The immediate operational impact of this vulnerability is the exhaustion of server resources. The constant serialization of outbound animation packets rapidly consumes available CPU cycles, introducing significant latency (tick lag) across the entire game environment. This latency degrades the experience for all connected users, potentially causing timeouts and widespread client disconnections.

The secondary impact affects network bandwidth and memory utilization. The massive volume of generated outbound packet objects places sustained pressure on the PHP garbage collector and memory allocator. Concurrently, the outgoing data stream can quickly saturate the host system's allocated uplink capacity, resulting in network-level denial of service for concurrent applications hosted on the same infrastructure.

It is relevant to note the discrepancy between the assigned CVSS v3.1 vector (CVSS:3.1/AV:N/AC:L/PR:L/UI:N/S:U/C:N/I:L/A:N) and the documented reality. While the vector indicates an Availability impact of 'None' and an Integrity impact of 'Low' (likely reflecting the visual state manipulation), the practical consequence of uncontrolled resource consumption inherently affects system availability. Security practitioners should evaluate the risk based on the concrete denial of service characteristics rather than the literal CVSS availability metric.

The primary and definitive remediation is to upgrade the PocketMine-MP installation to version 5.39.2 or later. This release contains the architectural shift necessary to detach client packet frequency from server broadcast operations. System administrators should verify their deployment versions using the standard server console commands.

For environments subject to strict change control where an immediate core upgrade is prohibited, a temporary mitigation can be deployed via the plugin API. Developers can create a security plugin that hooks the DataPacketDecodeEvent lifecycle hook.
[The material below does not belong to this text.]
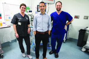 Kevin Trentino (centre) flanked by Kylie Symons and Dr Hamish Mace from FSH.
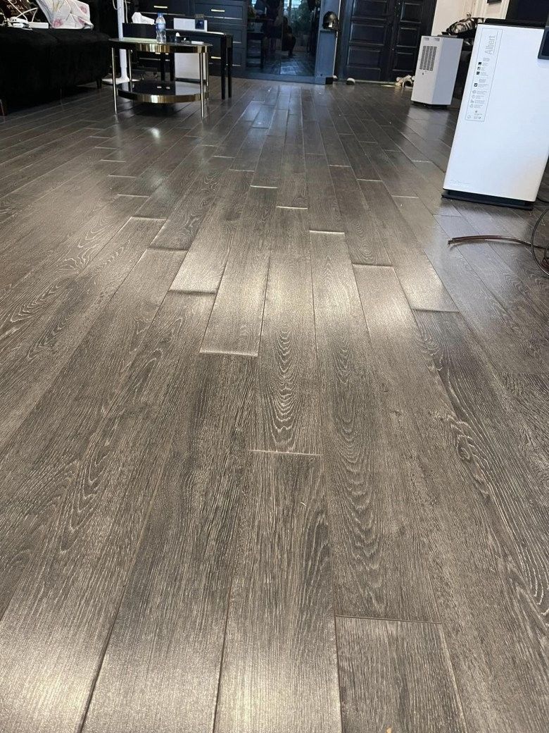 Toàn bộ sàn gỗ ngậm nước, phồng rộp và phải thay mới toàn bộ.

This plugin must specifically intercept incoming ActorEventPacket instances and apply a custom token-bucket rate limit keyed by the source player entity.

Administrators can also implement heuristic monitoring to identify exploitation attempts. Security systems should alert on anomalous inbound packet rates originating from single authenticated connections. Connections exhibiting a disproportionate ratio of ActorEventPacket transmissions compared to movement or chunk request packets should be systematically terminated to preserve overall server stability.